Народ все прибывал, люди толпились, с опаской поглядывая на мертвые тела, – их при свете луны было видно почти так же, как днем. Люди слушали, что говорит им Маринеро, но ничего не говорили в ответ и не предпринимали никаких действий, потому что пока не понимали, что здесь случилось на самом деле и к чему клонит оратор.
– Теперь все поместье ваше! – Маринеро повысил голос. – И все, что в поместье, тоже ваше! Все это создано вашим трудом и полито вашим потом! Разве это не так? А потому берите все, что вам нужно! И другим тоже скажите – пускай берут! И ничего не бойтесь!
– Как же, не бойтесь… – раздался чей-то робкий голос из толпы. – А вот пришлет генерал Уго Монтес завтра сюда своих людей, и что тогда?
– Он не пришлет завтра своих людей, – усмехнулся Маринеро. – И послезавтра тоже не пришлет. И вообще он больше никогда не пришлет своих людей. Никогда и никуда…
После таких слов в толпе послышался ропот и обозначилось движение. Кажется, люди осознавали, что значат эти слова, какой в них кроется потаенный смысл. Оставалось верить или не верить этим словам. Кто-то в них верил, кто-то сомневался…
Маринеро знал, что так оно и будет. Потому что так было везде и всегда. Когда его отряд освобождал какое-то поместье или, скажем, ферму, люди, там работавшие, всегда вначале сомневались и опасались. А затем обычно их одолевал приступ отчаянной решимости и смелости, и начиналось… Нет, до основания никогда никто ничего не разорял, а просто из поместий и ферм выносили и выводили все, что только попадется под руку: инвентарь, скот, собранный урожай… Словом, все то, что, так или иначе, могло пригодиться простому человеку в дальнейшей жизни. Выводили, выносили и скрывались вместе с добром в отдаленных поселениях, откуда они и прибывали в поместья и на фермы, надеясь заработать хотя бы сотню кордоб, чтобы не умереть с голоду. Так было всегда и везде, значит, должно быть так же и сейчас. До рассвета еще много времени, а, значит, народ вполне успеет сделать свое справедливое революционное дело.
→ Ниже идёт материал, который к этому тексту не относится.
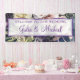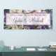 Elegante Banner de la recepción de la boda morada floral diseñado con un hermoso ramo de flores en tonos suaves de violeta con borde violeta y texto. Para personalizar, simplemente inserte su texto en nuestra plantilla sencilla, reemplazando el ejemplo. No deje de ver la colección de Bodas elegantes de color púrpura para guardar artículos de papelería y accesorios.
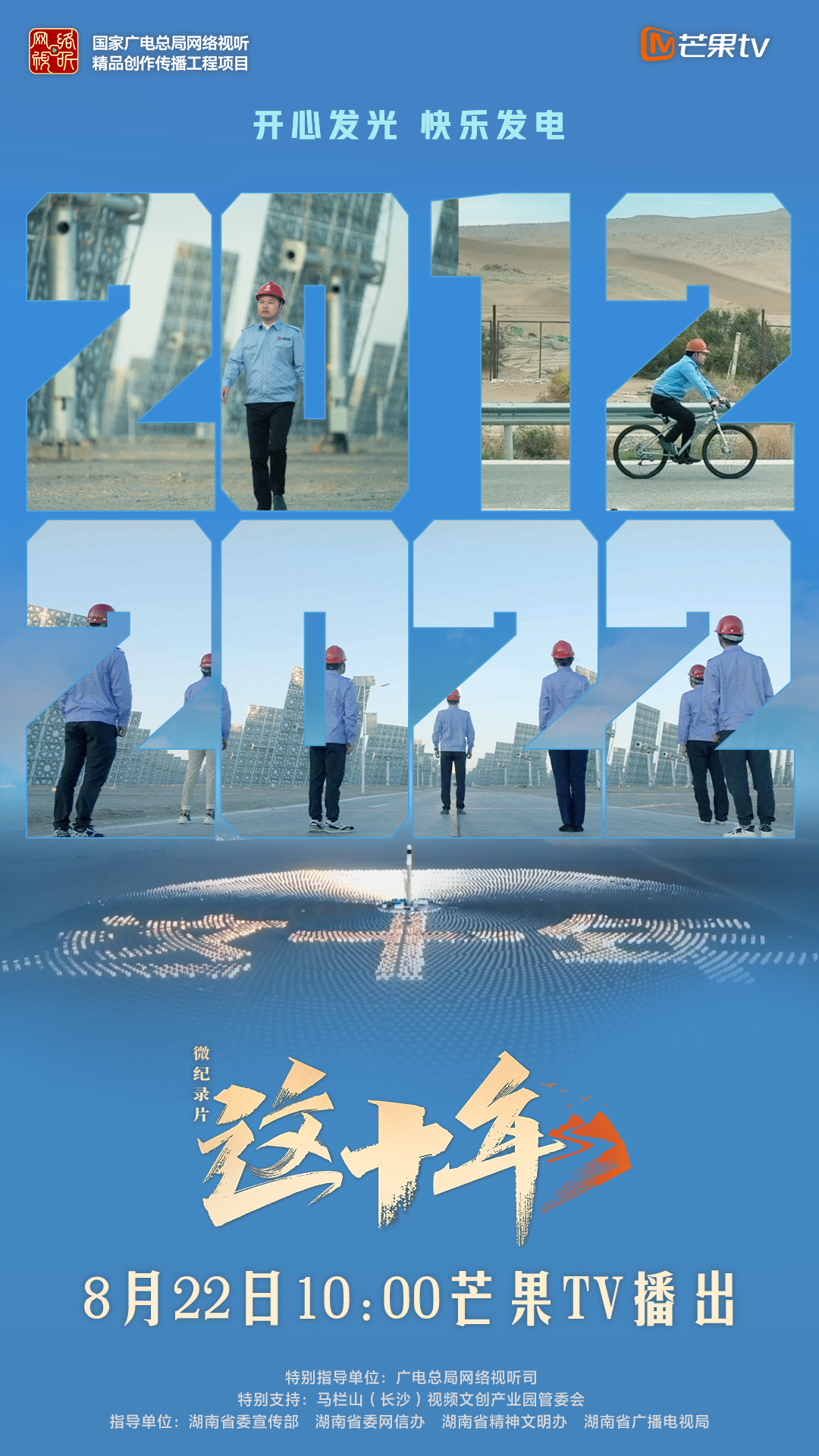 由广电总局网络视听司特别指导,马栏山视频文创园特别支持,湖南省委宣传部、湖南省委网信办、湖南省精神文明办、湖南省广播电视局指导,芒果TV打造的微纪录片《这十年》8月22日播出第七期。本期通过国家科学技术进步奖获得者黄文博的视角,讲述他建设敦煌光热电站的奋斗故事,看我国新能源行业这十年间的飞跃发展。
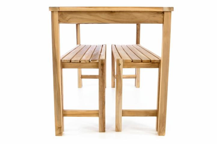 Záhradný set lavíc a stola DIVERO - neošetrené teakové drevo - 135 cm
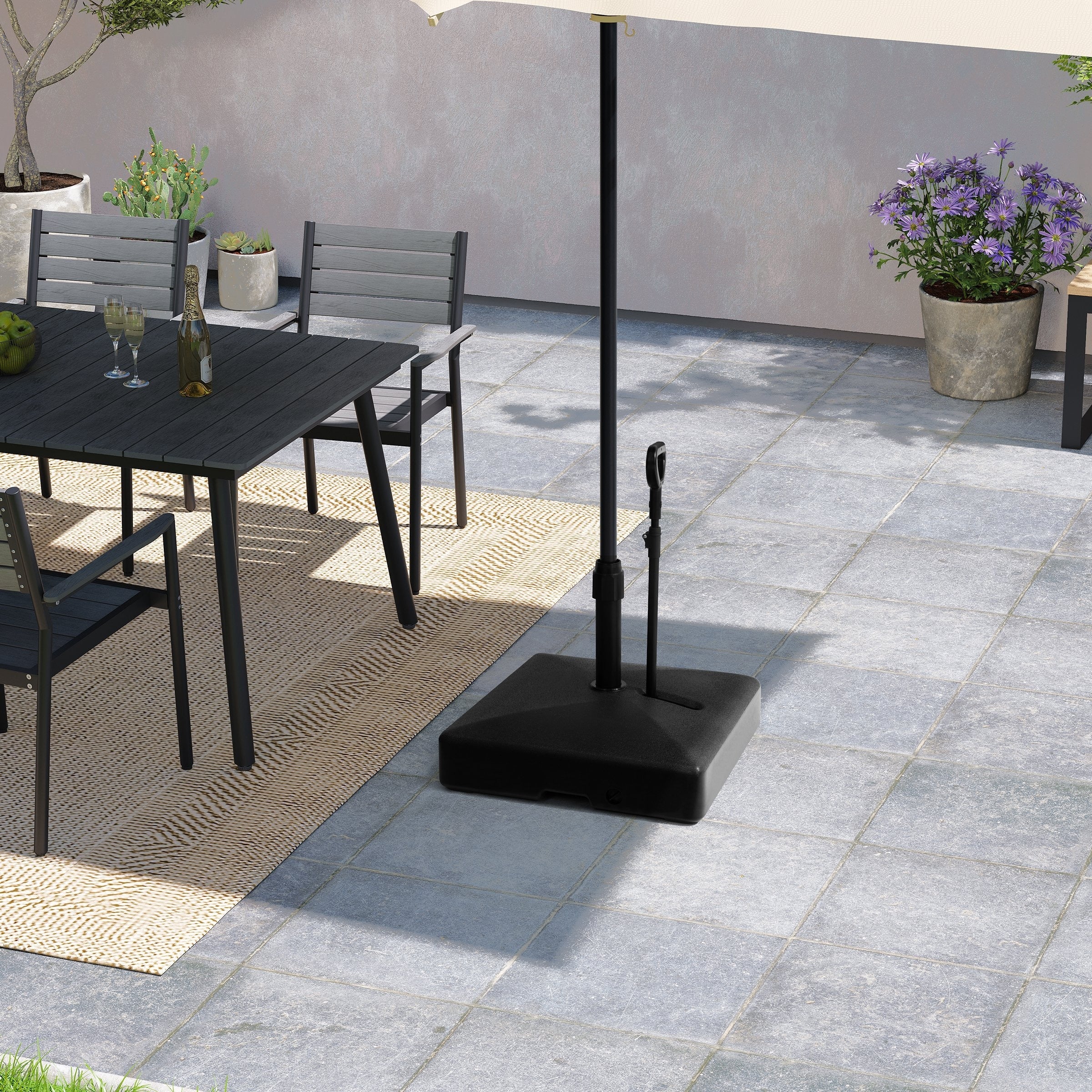 4-Piece Plastic Cantilever Offset Patio Umbrella Base Plate Set with Easy-Fill Spouts in Black
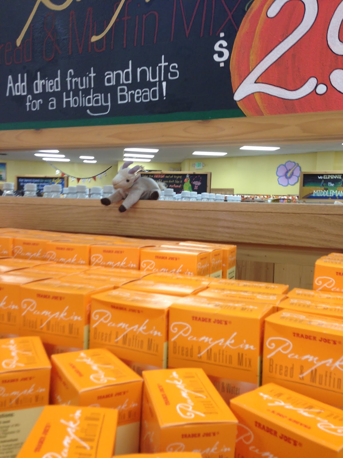 I shop at Trader Joe's a couple times a week (no joke...I head there twice a week just for produce trips). I love the store, plus it's close to my home. I've become pretty skilled at taking 4 kids shopping with me, but still, it's always nice to have something to "do" at the store. If the ever-changing decorations at Trader Joe's weren't enough to entertain the children, many locations hide little stuffed animals for the kids to find!
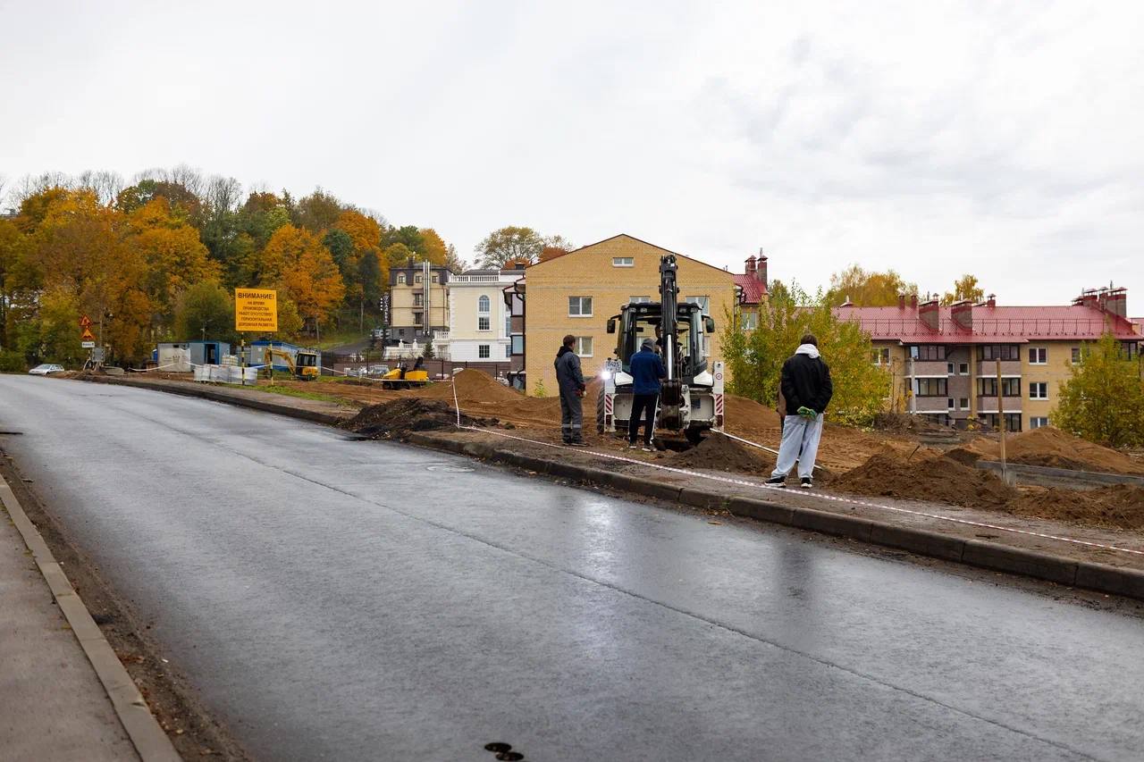 В настоящее время подрядчик занимается вертикальной планировкой земельного участка. Параллельно специалисты готовят основания для установки бортовых камней и поребриков, а также для дальнейшего устройства железобетонных подпорных стен.

– Уходим! – дал команду Маринеро своим бойцам. – Не оставляем ни одного джипа и ни одного автомата. Больше мы тут не нужны…
Но прежде чем уйти, Маринеро достал из кармана небольшой картонный прямоугольник. На картонке был рисунок – птица с распростертыми крыльями держала в когтях извивающуюся змею. Это был не просто сам по себе рисунок, это был символ отряда, которым командовал Пахаро. Фирменный знак, если так можно выразиться. Пахаро и его бойцы всегда оставляли этот знак на том месте, где они побывали и где наделали шуму. Конечно, это в какой-то мере было пижонство, да и небезопасно было каждый раз оставлять после себя такой знак. Да, конечно, здесь присутствовал определенный психологический момент – мол, опасайтесь тех, кто оставляет после себя такой знак. Но вместе с тем этот знак был и доказательством для врага. Хоть и косвенным, но все же доказательством. Вышестоящие командиры Сандинистского фронта не раз пеняли Пахаро за такую его легкомысленность. Но напрасно. Каждый раз Пахаро и его бойцы оставляли на месте своих революционных подвигов небольшой картонный прямоугольник с птицей и змеей в ее когтях. Без веселых и броских внешних эффектов Пахаро обойтись не мог. Уж таким он был человеком…
Город Леон,
той же ночью
Джип, в котором находились Пахаро и трое его бойцов, мчался в сторону Леона. Сандинисты торопились, им нужно было выполнить вторую, завершающую часть намеченного плана. То есть ликвидировать генерала Уго Монтеса. Эта вторая часть была такой же авантюрной, как и весь план в целом – иных планов Пахаро не признавал, да, пожалуй, никаких иных – старательно обдуманных – планов он изобрести и не мог. Пахаро всегда полагался на шальную удачу, и до этой поры такая удача всегда ему сопутствовала. Почему Пахаро взял с собой лишь трех бойцов? Больше ему и не требовалось. Когда ты надеешься на удачу, большое количество людей рядом с тобой – лишь помеха. Даже если эти люди твои верные боевые товарищи.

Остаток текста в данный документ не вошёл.